Whilst, on the one hand, the emperor thus liberally entertained the newly-arrived Dutchmen and especially our countryman (indeed, he raised him to the high offices of imperial tutor, and charged him with the responsibility of constructing vessels upon the model of The Erasmus), the Roman Catholic Christians in Kiu-siu were perseveringly persecuted; and when they, in despair, flew to arms, they were ultimately exterminated, and, sad to say, in that final extinction of the faith implanted by the brethren of Xavier, the Dutch took a lamentable part. We need say no more, than that they subsequently suffered the deepest humiliation, and although, as the poet observes—
Gold helps the hurt that honour feels,
the Hollanders, in their wretched prison of Nangasaki, had, for centuries, to regret that they should have allowed themselves to be tempted by Asiatics to take a part in exterminating men who, whatever were their faults, were nevertheless fellow Christians. The success of the Tai-koon against the representatives of those two great powers whose colonies and forces had hitherto awed the kings and nobles of all Eastern nations, rendered him perfectly at his ease in the treatment of the Dutch and English. At first they were granted most liberal concessions. The treaty arranged by Captain Saris, in August, 1613, between the Emperor of Japan and King James was a great deal more liberal than any which ambassadors of to-day have been able to negotiate, and the freedom with which the Dutch and English passed and repassed from one part of the country to the other, and the insight they obtained into the manners and customs of this singular people was very great. That commercial and personal liberty was, however, very short-lived. The English factory was voluntarily abolished at Firando about 1620, a year after the death of Will Adams, and the Dutch were ordered to occupy the vacated prison of Desima, in the harbour of Nangasaki,—an imprisonment from which they may be said to have been only released by the perseverance and pertinaciousness of the Americans in our day, who have almost insisted upon Japan being again opened to the intercourse of foreign nations.

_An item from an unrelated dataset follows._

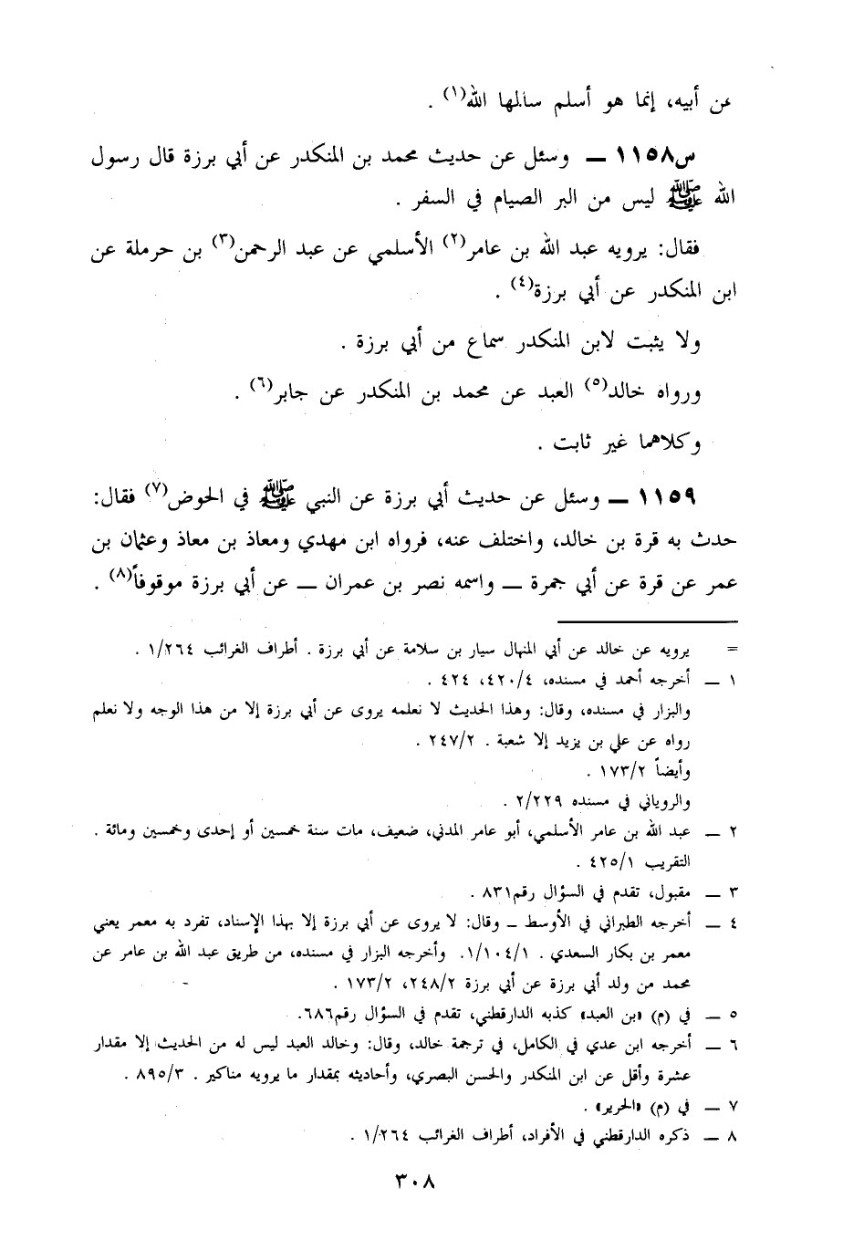 1158- وَسُئِلَ عَنْ حَدِيثِ مُحَمَّدِ بْنِ الْمُنْكَدِرِ، عَنْ أَبِي بَرْزَةَ، قَالَ رَسُولُ اللَّهِ صَلَّى اللَّهُ عَلَيْهِ وَسَلَّمَ: لَيْسَ مِنَ الْبِرِّ الصِّيَامُ فِي السَّفَرِ.

Between those distant years 1600 and 1650, the opportunities of studying the Japanese people were very great, and we cannot accuse our friends the Dutch or our own countryman of having failed to take advantage of them. The information they gleaned, however, is spread over such a vast area of print, and often given in such unpalatable forms, that the wheat is in most cases buried under a mountain of chaff, and it is only now that we are in a position to separate one from the other. There is hardly a prospect of our countrymen being able, for many years to come, to pass and repass as our forefathers did in the interior of Japan. It may never arrive, perhaps, that another Englishman shall be taken into royal favour, and be granted estates and rank like unto a lordship in England, with eighty or ninety retainers to support his rank; and we must therefore content ourselves, for the present, with the commercial advantages secured by the Earl of Elgin, and satisfy ourselves as to the condition and habits of the people of the interior of Japan as they were reported and observed by our forefathers. Happily for us, the aspect of an Asiatic nation does not change as rapidly as in Europe. A picture of any state in our quarter of the globe drawn two hundred years ago would hardly be recognisable to-day; but it is not so in Japan, China, or many other places we could name. The Japanese of to-day are just the same people first seen by Pinto and praised by Xavier. The very cut of their garments is unchanged, they shave the tops of their heads and brush up their back hair as in the sixteenth century, and although their curiosity and skill are as great as when they imitated the petronels of their Portuguese visitors and Toledo blades of the Spaniards, yet they are in all other respects that same people of the isles of the day-dawn who repelled Kublai-khan’s fleets and armies, and preferred heathen independence to the Christian vassalage of the Church of Rome.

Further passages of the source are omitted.